» YOUR ASSIGNMENT:
Please copy only the material from the line that has "A brass 12 pounder" to the very last line, both ends included, exactly as written and without pictures.

» DATA EXTRACT:
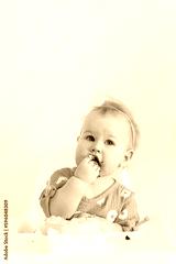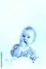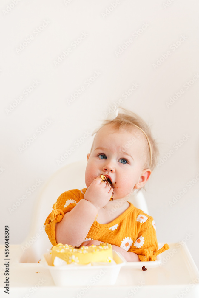 A charming little one-year-old baby girl in an elegant dress with daisies is sitting on a high chair and eating a cake. Celebrate one year of birth.
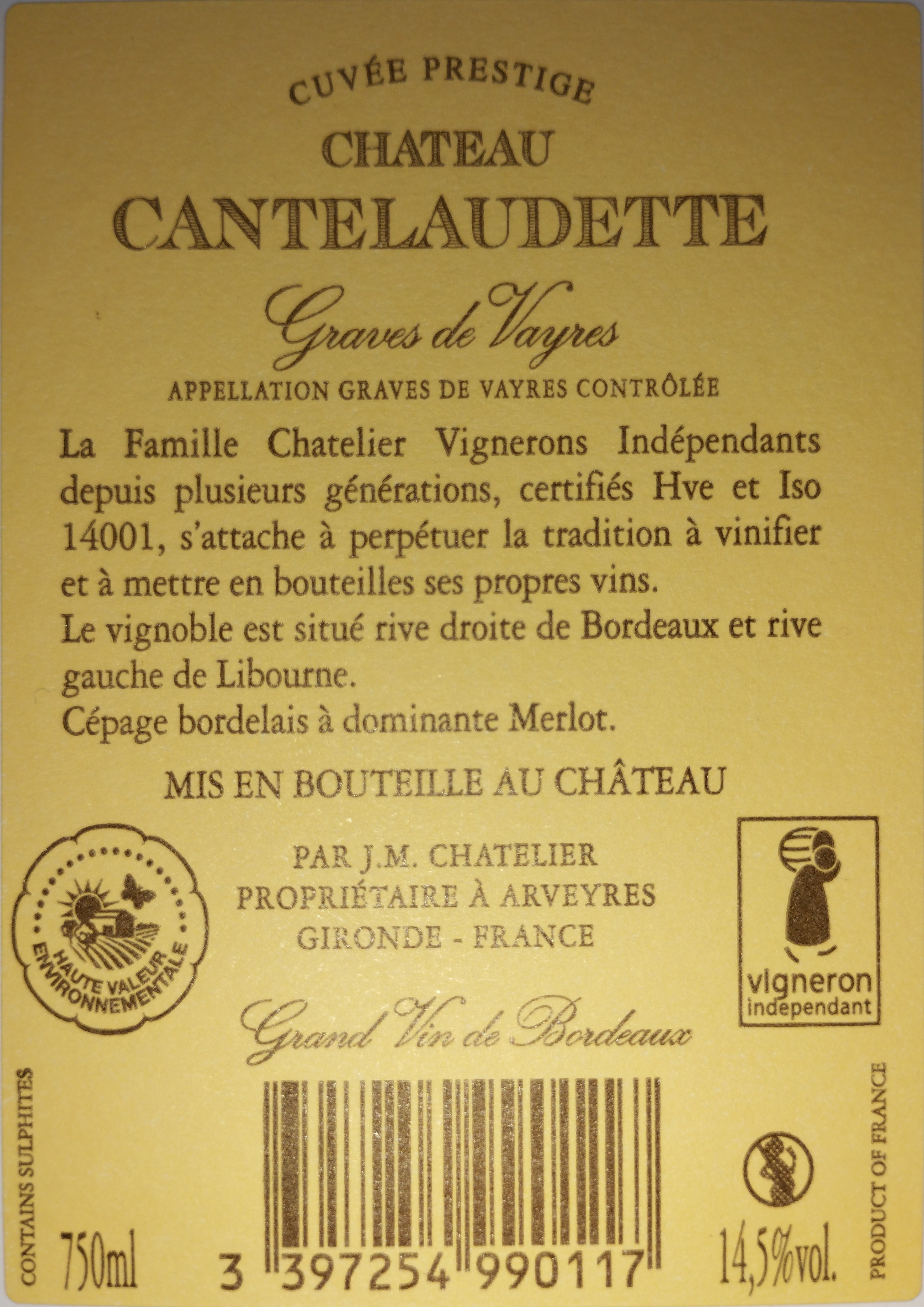 Libellé Château Cantelaudette Cuvée Prestige, 2022 - Graves de vayres AOP - Rouge - 75 cl
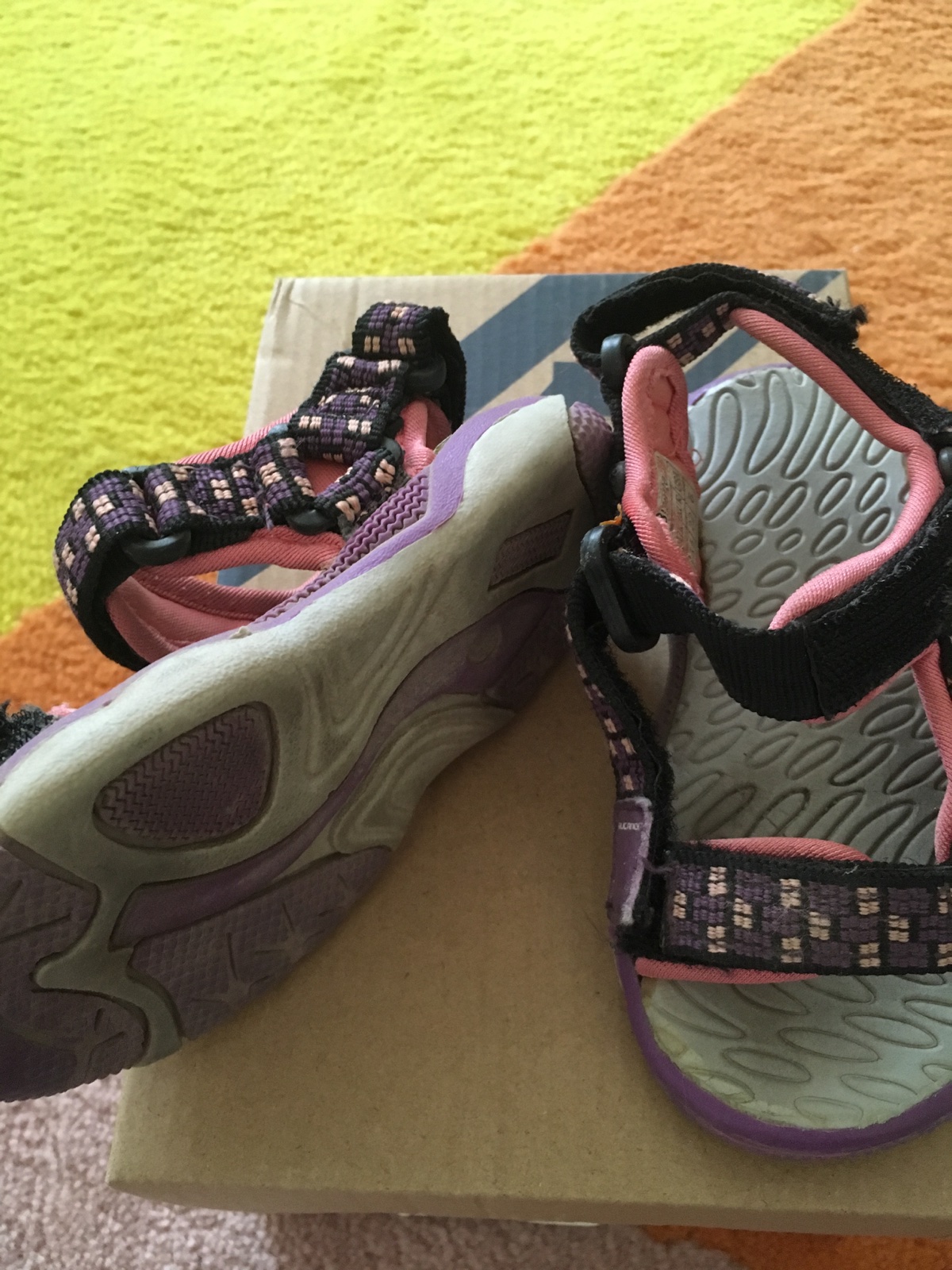 nepoškodené kvalitné sandále, zapínanie regulovateľný suchy zip, vn. dl. 14cm,
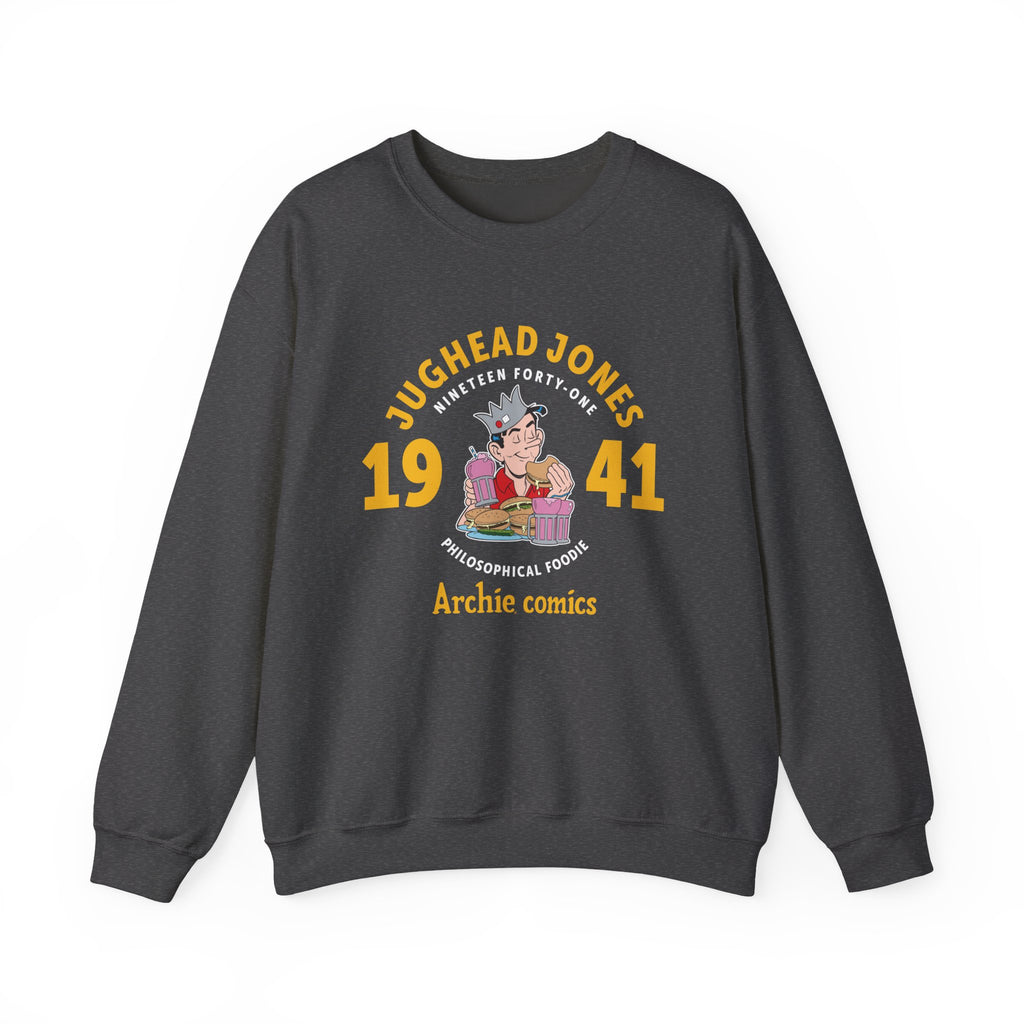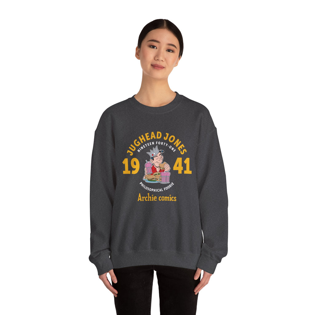 This sweatshirt showcases Jughead Jones in action, enjoying his favorite pastime — eating! Since 1941, Jughead has been delighting comic fans around the world with his quirky charm and insatiable appetite.
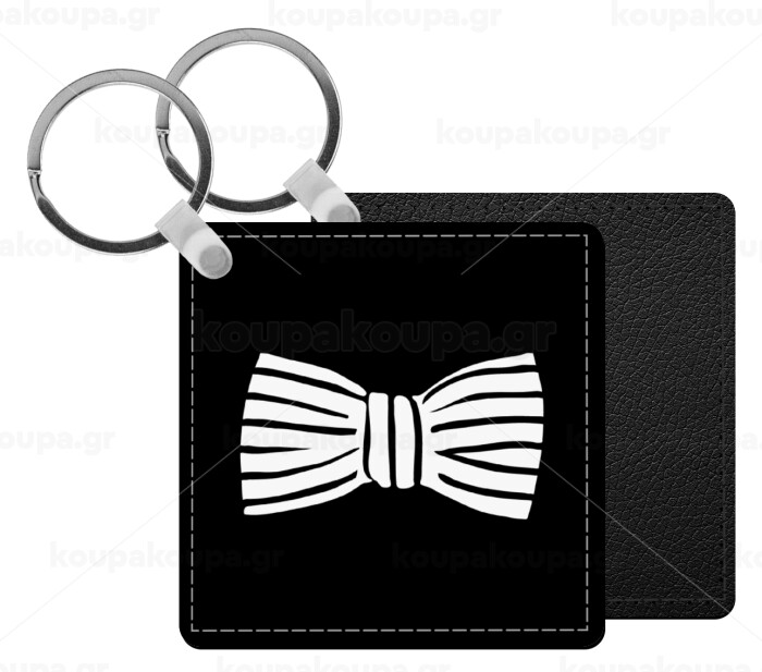 Bow tie, Μπρελόκ Δερματίνη, τετράγωνο ΜΑΥΡΟ (5x5cm)
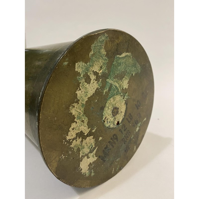 A brass 12 pounder Naval shell case, marked to the underside 'Mk9 12LB RNB 96R' Probably second World War or later, 52.5cm tall, 16/5cm wide.
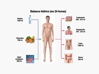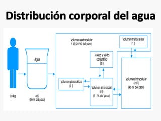 Este documento resume los principales electrolitos y trastornos relacionados. Describe los cationes y aniones que componen el líquido extracelular (LEC) y líquido intracelular (LIC), así como la osmolaridad y sus cálculos. Explica los trastornos del volumen, concentración y composición, centrándose en sodio, potasio, cloro, magnesio y calcio. Detalla las causas, síntomas y tratamiento de la hipo e hiper de cada electrolito.

» RESULT:
 A brass 12 pounder Naval shell case, marked to the underside 'Mk9 12LB RNB 96R' Probably second World War or later, 52.5cm tall, 16/5cm wide.
 Este documento resume los principales electrolitos y trastornos relacionados. Describe los cationes y aniones que componen el líquido extracelular (LEC) y líquido intracelular (LIC), así como la osmolaridad y sus cálculos. Explica los trastornos del volumen, concentración y composición, centrándose en sodio, potasio, cloro, magnesio y calcio. Detalla las causas, síntomas y tratamiento de la hipo e hiper de cada electrolito.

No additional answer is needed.